_Required work_.
Write every line below out again, exactly as given, but leave out the pictures.

(Dataset entries)
* * *

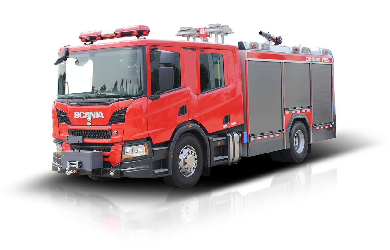 ? ? ? ?PM55城市主戰(zhàn)消防車采用原裝進(jìn)口斯堪尼亞P410改裝, 底盤作為車輛主要組成部分,除了行駛時(shí)承載以外,還是上裝部分的載體,同時(shí)為滅火系統(tǒng)正常工作,可靠、平穩(wěn)地傳遞動(dòng)力。容罐作為車輛的基礎(chǔ)件,用于裝載水及泡沫滅火劑。滅火系統(tǒng)由消防泵、泡沫混合系統(tǒng)、消防炮及管路、閥門等組成。為適應(yīng)消防滅火實(shí)戰(zhàn)需要,該車既可以使用車頂消防炮滅火,也可以使用水帶連接直流、開(kāi)花水槍或泡沫槍進(jìn)行滅火;同時(shí)可以利用車上攜帶發(fā)電照明系統(tǒng)對(duì)救援現(xiàn)場(chǎng)提供電力保障和照明;車輛還隨車攜帶了大量搶險(xiǎn)救援器材用于搶險(xiǎn)救援工作。
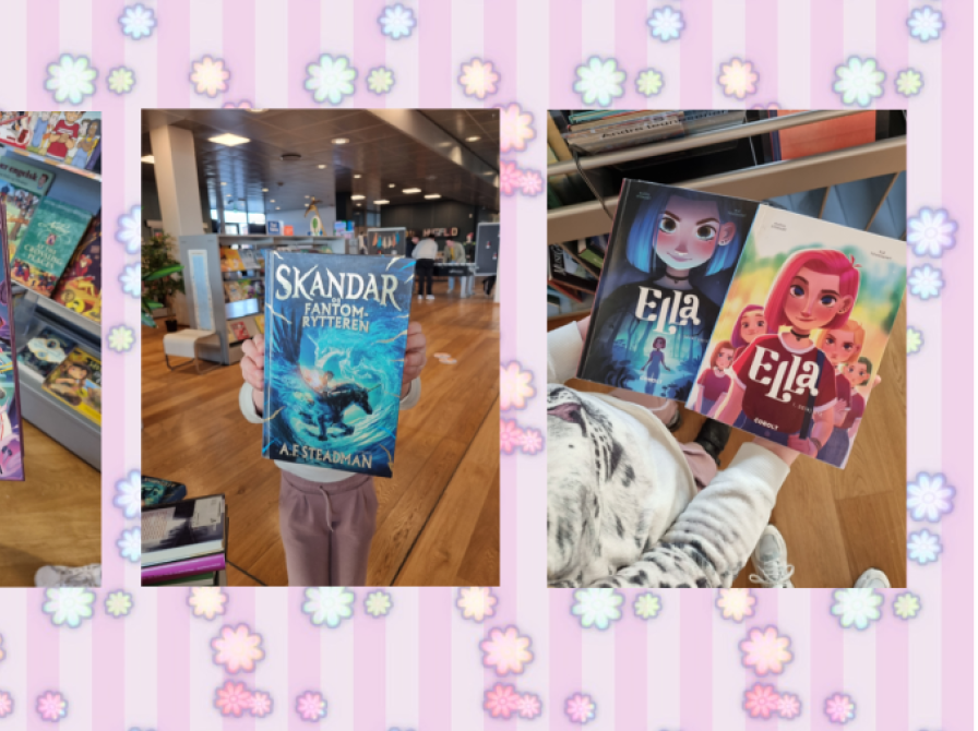 Børnene i børnebibliotekets bogklub for børn fra 9-12 år, Bogmestrene, er mestre i at sluge saft og snacks til bogklubmøderne, men de er endnu bedre til at sluge bøger. Mynte og Anna fra bogklubben har givet os en guidet tur gennem børnebiblioteket for at udpege nogle af deres yndlingsbøger på hylderne.
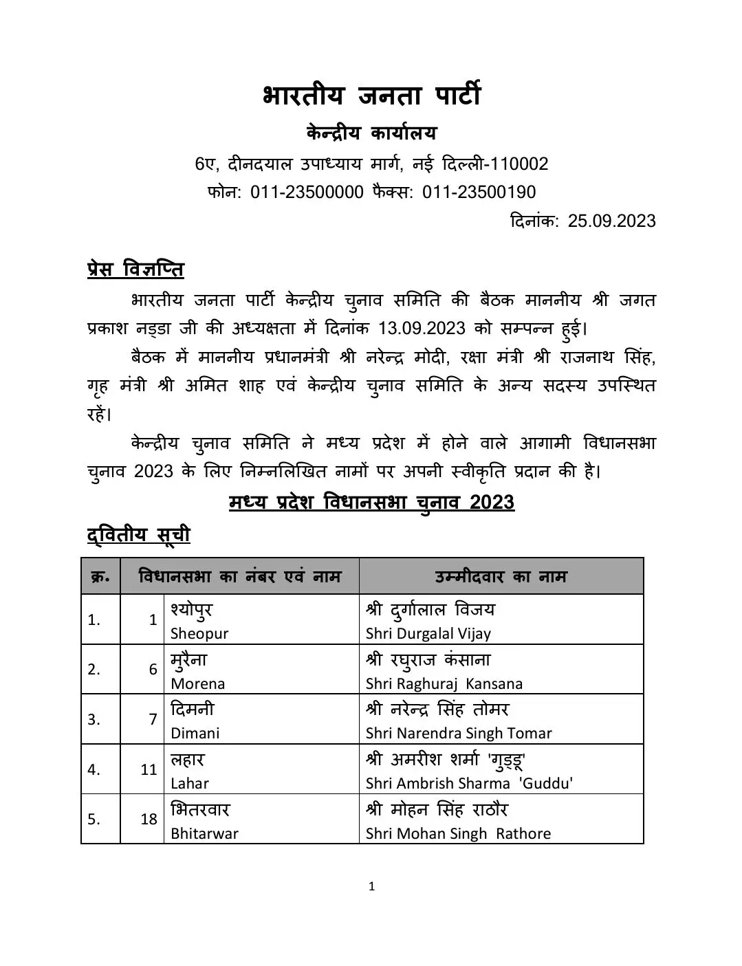 मप्र चुनाव : भाजपा ने दूसरी सूची जारी की, दिमनी से केंद्रीय मंत्री नरेंद्र सिंह तोमर को दिया टिकट
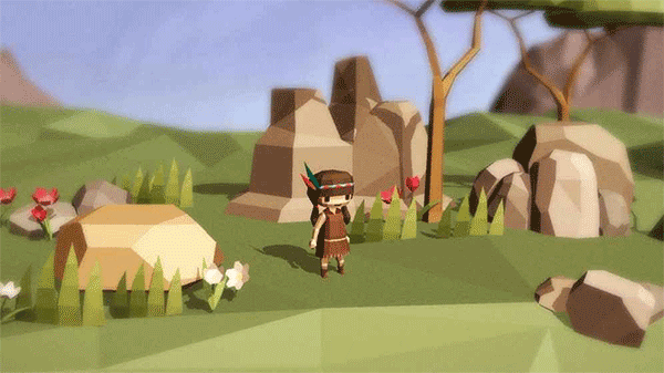 1、低边形3D画面如同泥土捏塑,英雄小姑娘、崎岖石块与粗犷树木都以简约多边形构筑,朴素却富有现代美感,让人耳目一新。
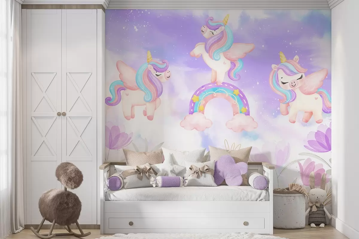 Carta da parati Unicorni su un arcobaleno nr. w04084

* * *

_Solved problem_.
 ? ? ? ?PM55城市主戰(zhàn)消防車采用原裝進(jìn)口斯堪尼亞P410改裝, 底盤作為車輛主要組成部分,除了行駛時(shí)承載以外,還是上裝部分的載體,同時(shí)為滅火系統(tǒng)正常工作,可靠、平穩(wěn)地傳遞動(dòng)力。容罐作為車輛的基礎(chǔ)件,用于裝載水及泡沫滅火劑。滅火系統(tǒng)由消防泵、泡沫混合系統(tǒng)、消防炮及管路、閥門等組成。為適應(yīng)消防滅火實(shí)戰(zhàn)需要,該車既可以使用車頂消防炮滅火,也可以使用水帶連接直流、開(kāi)花水槍或泡沫槍進(jìn)行滅火;同時(shí)可以利用車上攜帶發(fā)電照明系統(tǒng)對(duì)救援現(xiàn)場(chǎng)提供電力保障和照明;車輛還隨車攜帶了大量搶險(xiǎn)救援器材用于搶險(xiǎn)救援工作。
 Børnene i børnebibliotekets bogklub for børn fra 9-12 år, Bogmestrene, er mestre i at sluge saft og snacks til bogklubmøderne, men de er endnu bedre til at sluge bøger. Mynte og Anna fra bogklubben har givet os en guidet tur gennem børnebiblioteket for at udpege nogle af deres yndlingsbøger på hylderne.
 मप्र चुनाव : भाजपा ने दूसरी सूची जारी की, दिमनी से केंद्रीय मंत्री नरेंद्र सिंह तोमर को दिया टिकट
 1、低边形3D画面如同泥土捏塑,英雄小姑娘、崎岖石块与粗犷树木都以简约多边形构筑,朴素却富有现代美感,让人耳目一新。
 Carta da parati Unicorni su un arcobaleno nr. w04084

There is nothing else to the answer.